### TASK TO COMPLETE
Leave out the pictures, and retype only the lines from the beginning of the material through the line that contains "8Pcs BBQ Tools", including both.

### THE RECORDS

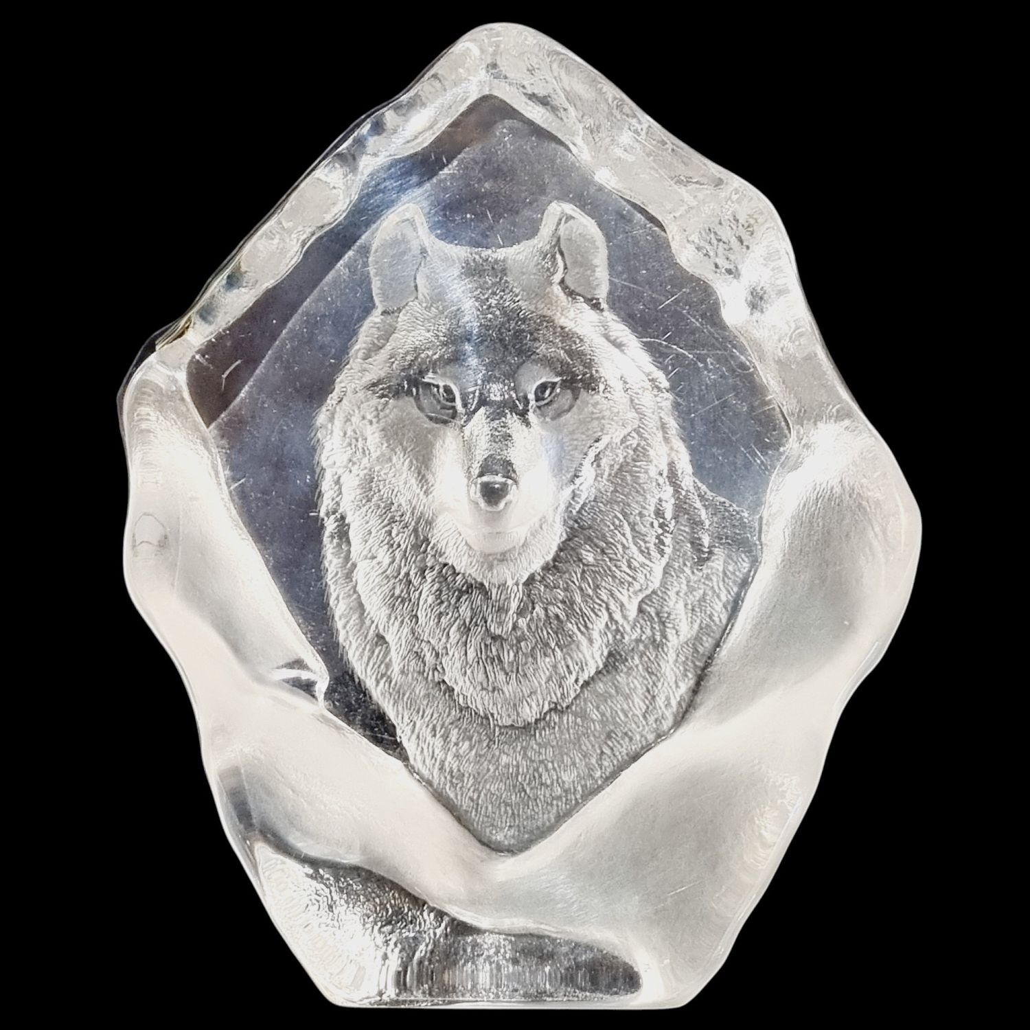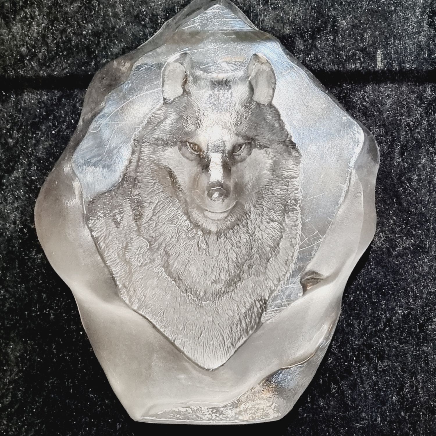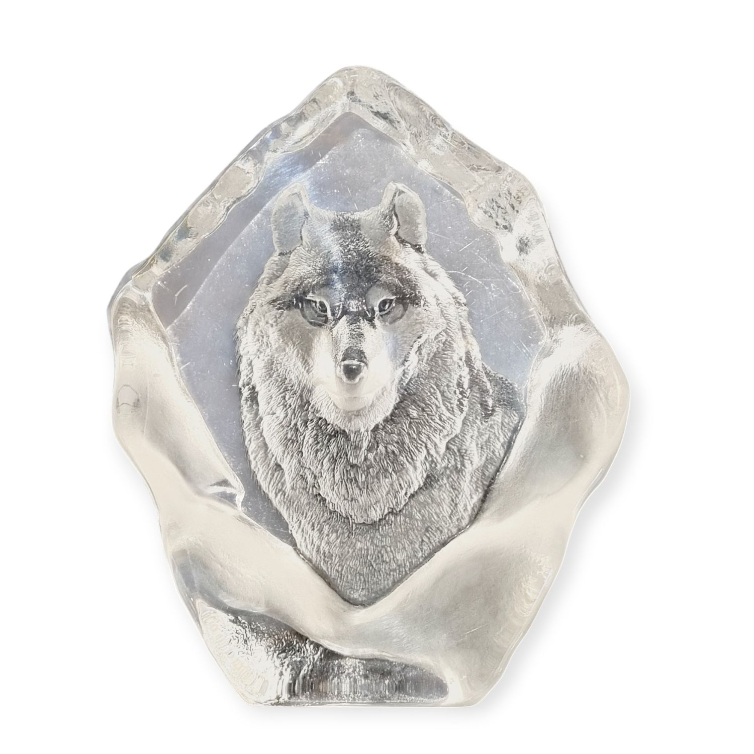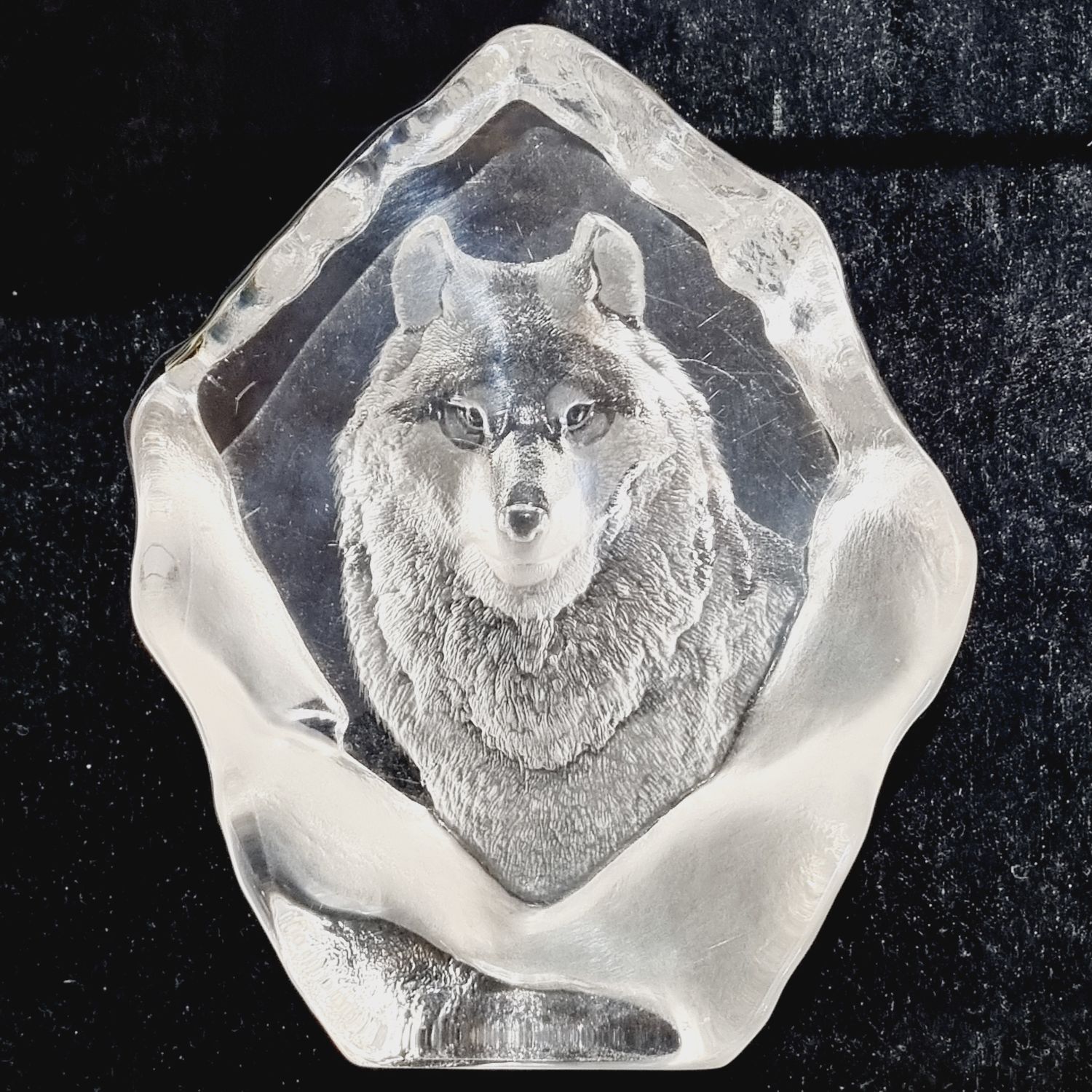 Levélnehezék az 1980-as évekből. Skandináv tervező munkája, üvegből készült rusztikus stílusban. Tükrében szépen csiszolt/ totem állat, a Germánoknál a győzelem szimboluma/ farkas figura látható. Íróasztalra téve funkcionális szerepe is lehet mint levélnehezék.
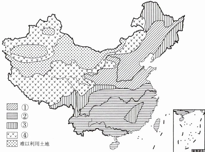 【典题 1】我国在大力发展经济的过程中,林地和草地的“碳回收”发挥了重要作用。下图为中国主要土地利用类型分布简图。读图,完成(1)~(2)题。
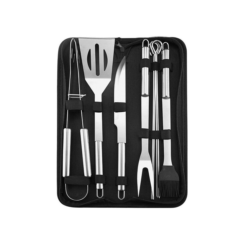 8Pcs BBQ Tools Set Stainless Steel Tableware Barbecue Grilling Accessories Kit with Portable Case for Outdoor Camping
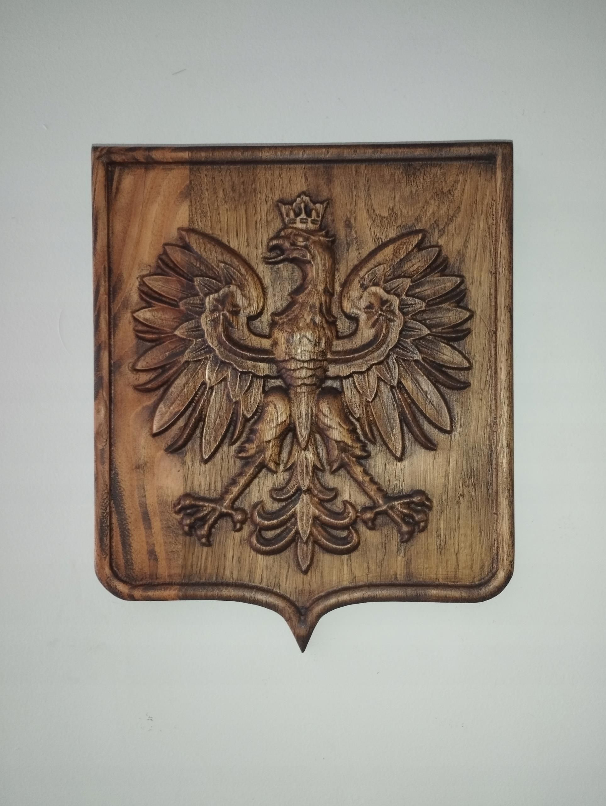 godło Polski drewno płaskorzeżba w jednym kawałku drewna zapuszczone i zapolerowane woskiem do drewna ,co czyni go odpornym na wszelkie warunki atmosferyczne wysokość ok 30cmtylna zawieszka każde godło może się różnić od siebie ze względu na użyte drewnoużywamy zazwyczaj drewna dębowego ,sosny lub modrzewia drewno najwyższej klasy sezonowane
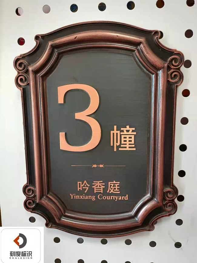 門牌的制作材料一般有不銹鋼、亞克力、鋁板、PVC、銅板等,相比之下,高檔樓盤門牌選擇銅板類比較多。
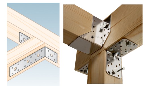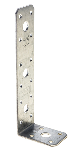 Podstawowe kątowniki do łączenia drewna z drewnem, betonem lub stalą. Różne wielkości otworów zwiększają ich uniwersalność i umożliwiają montaż na różnych rodzajach łączników trzpieniowych.
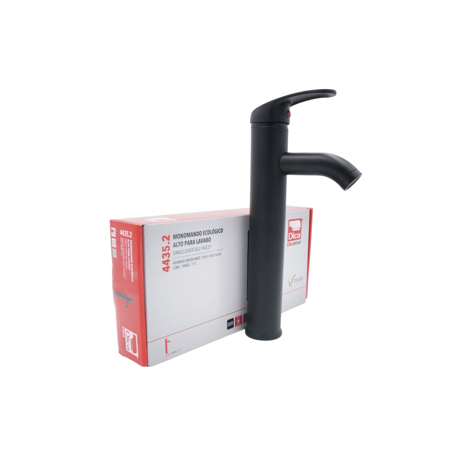 MEZCLADORA MONOMANDO ALTO PARA LAVABO NEGRO MATE DICA 4435.2

### TASK OUTPUT
 Levélnehezék az 1980-as évekből. Skandináv tervező munkája, üvegből készült rusztikus stílusban. Tükrében szépen csiszolt/ totem állat, a Germánoknál a győzelem szimboluma/ farkas figura látható. Íróasztalra téve funkcionális szerepe is lehet mint levélnehezék.
 【典题 1】我国在大力发展经济的过程中,林地和草地的“碳回收”发挥了重要作用。下图为中国主要土地利用类型分布简图。读图,完成(1)~(2)题。
 8Pcs BBQ Tools Set Stainless Steel Tableware Barbecue Grilling Accessories Kit with Portable Case for Outdoor Camping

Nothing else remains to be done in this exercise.